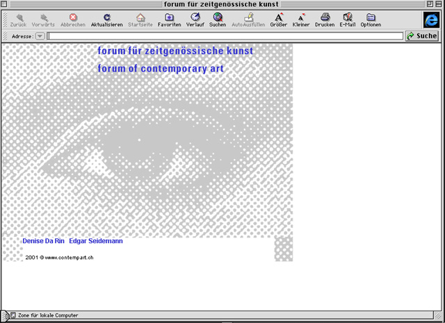 Der Internetauftritt präsentiert die Galerie und ihr Programm. Durch ein einheitliches Bild-Text Konzept können die Abbildungen zunächst in der Rubrik 'Vorschau', dann unter 'Ausstellung' und schliesslich unter 'Katalog' eingesetzt werden. Das Konzept regelt und vereinfacht die durch den Galeriebetrieb periodisch erforderliche Erneuerung des Websites. Aufgrund der besonderen Lage am Stadtrand von Zürich wird der Anweg zur Galerie mit zwei Plänen und einer kurzen Bildreihe dokumentiert.
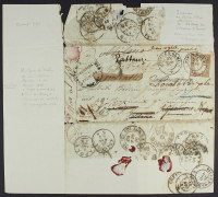 1854/62 - Peregrinazioni postali - Cinque lettere affrancate con esemplari di Sardegna e Province Napoletane di cui quattro con numerose rispedizioni e bolli di transito - Timbro Bolaffi - Firma A.D.
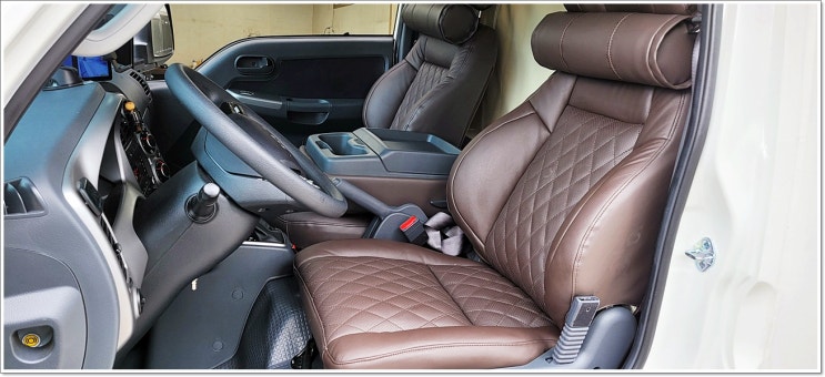 (미래카시트) 대전 봉고 3 LPG 차량에 초코브라운 리무진시트 조수석 열선시트 작업으로 편안하게 운전해 보세요
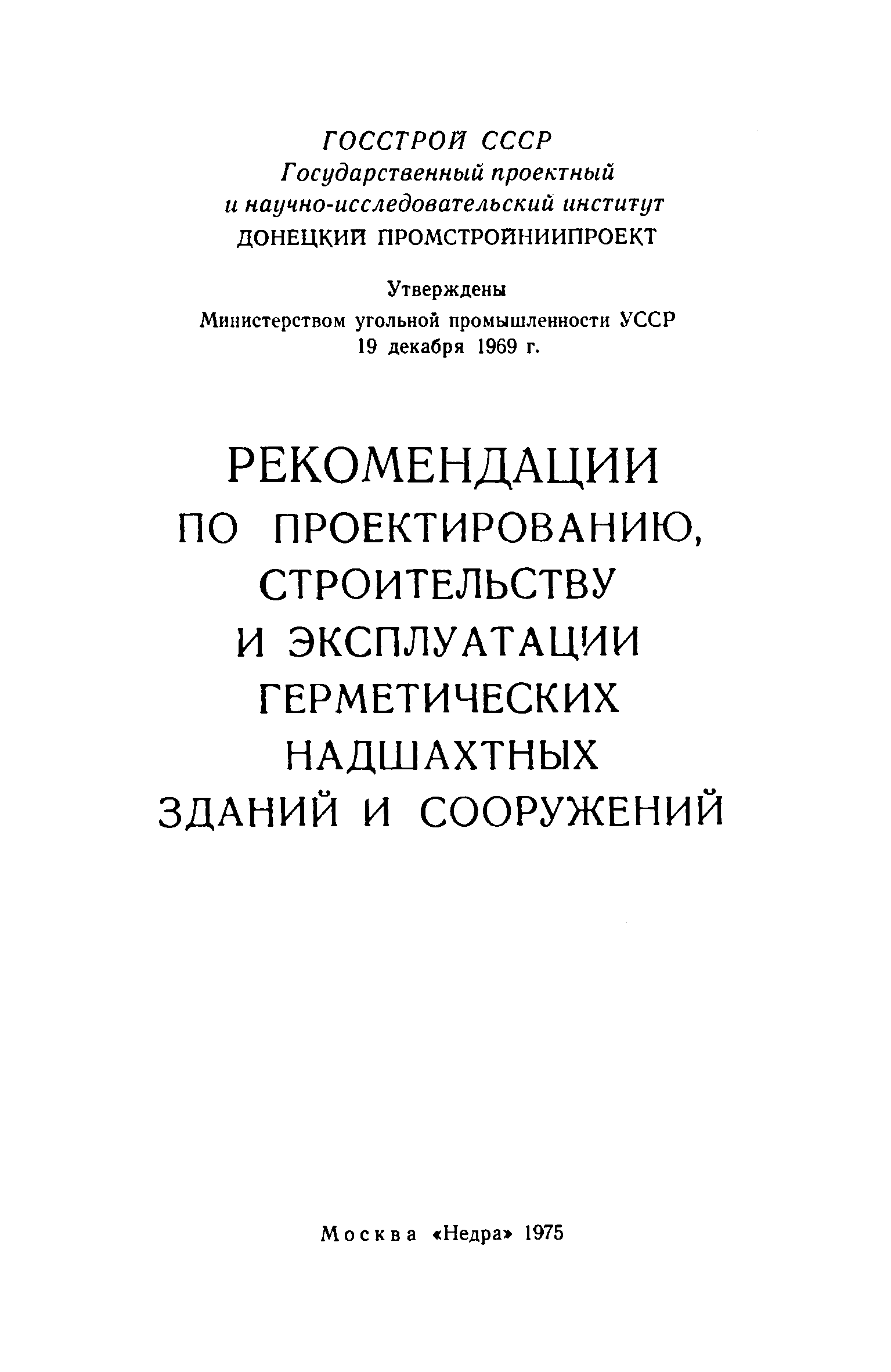 | | Утверждён: | 19.12.1969 Министерство угольной промышленности УССР
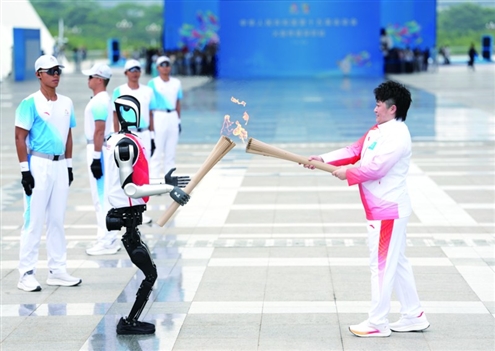 ▲第十五届全国运动会火炬传递2日在香港、澳门、广州、深圳四个城市同步举行,这是全运会历史上首次跨境火炬传递,也是全运会火炬首次在香港和澳门传递。此次火炬传递,应用了智能机器人等进行火炬传递或串联路段,凸显粤港澳大湾区作为国际科技创新中心的产业优势。图为当日于洋(右)与火炬手人形机器人“夸父”在火炬传递中。◎新华社发
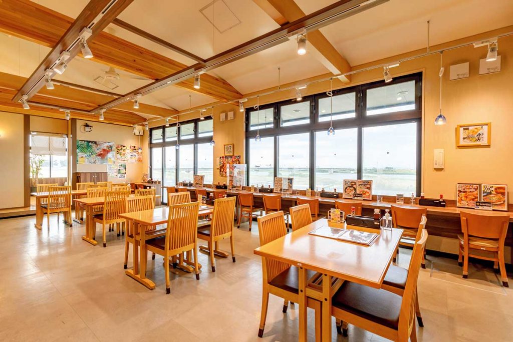 ガラス張りの広い窓から、大空と名取川が一望できます。特に、夕暮れ時の美しさは息を飲むほどです

-------------------------

[Action item]
Exact copy required, pictures excluded: the lines from the one holding "угольной промышленности УССР" through the last line of the data, both ends included.

[Solution for this problem]
 | | Утверждён: | 19.12.1969 Министерство угольной промышленности УССР
 ▲第十五届全国运动会火炬传递2日在香港、澳门、广州、深圳四个城市同步举行,这是全运会历史上首次跨境火炬传递,也是全运会火炬首次在香港和澳门传递。此次火炬传递,应用了智能机器人等进行火炬传递或串联路段,凸显粤港澳大湾区作为国际科技创新中心的产业优势。图为当日于洋(右)与火炬手人形机器人“夸父”在火炬传递中。◎新华社发
 ガラス張りの広い窓から、大空と名取川が一望できます。特に、夕暮れ時の美しさは息を飲むほどです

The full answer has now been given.